Вулко с самого своего детства был крупным мальчиком. Родители его были русскими, но, видимо, почуяв скорый приход кошмарных девяностых недальновидно перебрались в деревню близ Сараево, еще до его рождения. Имя мальчику досталось местное – мама с папой не хотели, чтобы тот выглядел белой вороной, но воспитывать его старались сразу в двух традициях – сербской и советской, поэтому Вулко даже не замечал, как сначала проводит день в школе, общаясь на сербском и дома переходит на русский. Потом грянула Боснийская Война. Сараево был осажден. Город страдал от голода, а округа от фуражиров-боснийцев. Жестокие исламисты оставляли после себя сгоревшие дома, изнасилованных женщин и убитых мужчин, лежащих сломанными куклами в придорожных каналах. На одного такого наткнулся Вулко. Тот день он помнил вплоть до мельчайших подробностей – как был одет в легкую фуфайку, слишком легкую для поздней осени, как черная, мерзлая грязь налипала на лакированные ботиночки, как солнце пряталось за облаками смога и дыма, идущего из столицы. Мальчик возвращался от бабки-фельдшера – мать послала его за антибиотиками для отца, чья нога стала совсем плоха. Тот зачем-то стал перечить фуражирам-боснийцам, которые споро перетаскивали из хуторов мешки с зерном, мелкую птицу и зимние закрутки в мрачные КУНГи, покрытые брезентом. Собак же боснийцы пристреливали, если те оказывались дома. Свиней по понятной причине они просто обходили стороной, внимательно глядя под ноги, чтобы не вступить в свиной помет. Когда отец стал взывать к какой-то социалистической ответственности, зачем-то, видать по привычке, сказал «мы же все – советские люди!», мусульмане только посмеялись. Даже убивать его не стали. Лишь в наущение раздробили ногу колесом уезжающего КУНГа. Теперь нога выглядела совсем плохо. Не все осколки кости удалось вынуть – врача солдаты не пощадили, поэтому подслеповатая бабка-фельдшер пол-ночи провела, работая пинцетом и скальпелем.

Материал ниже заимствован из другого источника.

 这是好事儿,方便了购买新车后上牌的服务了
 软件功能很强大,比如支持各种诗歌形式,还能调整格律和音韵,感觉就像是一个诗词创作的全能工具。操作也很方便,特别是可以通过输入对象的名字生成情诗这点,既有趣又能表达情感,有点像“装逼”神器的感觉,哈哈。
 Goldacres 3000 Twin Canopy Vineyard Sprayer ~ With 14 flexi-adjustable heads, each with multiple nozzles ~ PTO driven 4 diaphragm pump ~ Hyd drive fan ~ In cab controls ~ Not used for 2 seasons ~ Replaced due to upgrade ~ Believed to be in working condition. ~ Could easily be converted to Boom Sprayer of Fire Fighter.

Невзирая на ее усилия, через несколько дней конечность почернела и пахла сгнившей колбасой. Отец все чаще впадал в какие-то приступы социалистического экстаза, вдруг вскакивая на кровати и начиная рассуждать о вечных ценностях советского человека, потом резко замолкал и снова погружался в беспокойный сон.

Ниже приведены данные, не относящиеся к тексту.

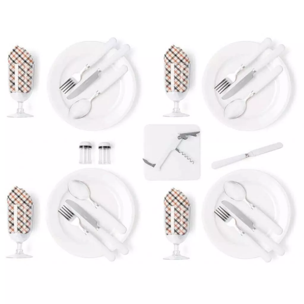 | Комплектация | 2 шт, 4 шт, бокал, вилка, досточка, емкость для соли и перца, ложка, нож, нож-пилочка, открывашка, салфетка, тарелка, штопор |

Мальчик был уже на полпути к дому, когда увидел Ее. Маленькие бесцветные глазки внимательно следили за движениями Вулко. Острые уши поднялись вверх, а пасть наоборот раззявилась, уронив какие-то кровавые ошметки. Огромная белая свинья угрожающе хрюкнула, защищая добычу – окоченевшего сербского солдата, все еще пытающегося зажать руками дыру в животе. Покрытый бурой коркой запекшейся крови пятак неистово ходил из стороны в сторону. Мальчик застыл в ужасе, пока свинья проводила детальную оценку ситуации. В ее глупых загноившихся глазенках читалась титаническая работа мысли – стоит ли охота за коренастым жилистым мальчишкой уже надкушенной добычи. Чаши неповоротливых весов в покрытой жесткой шерстью голове со скрипом качались, не желая остановиться – холодное и окоченевшее мясо, но много, либо теплое и свежее, но быстрое и к тому же гораздо меньше. Наконец, одна из чаш перевесила и свинья, угрожающе хрюкнув, вернулась к трапезе, а мальчик побежал со всех ног домой. С тех пор Вулко не ел свинины. Когда отец после тяжелой двухдневной лихорадки погиб, мать решилась на отчаянные меры. Применив все свои женские чары к солдатам из ограждения, она смогла убедить суровых боснийцев провести оставшуюся семью через посты. Вулко, будучи тогда еще одиннадцатилетним мальчиком понимал, что мама заплатила чем-то большим, чем еда или деньги, но не мог понять, чем, и всю дорогу до ближайшего населенного пункта просто пытался хоть как-то утешить молчаливо плачущую женщину. После, вместе с остальными беженцами они пересекли границу Чехии, где надеялись начать новую жизнь.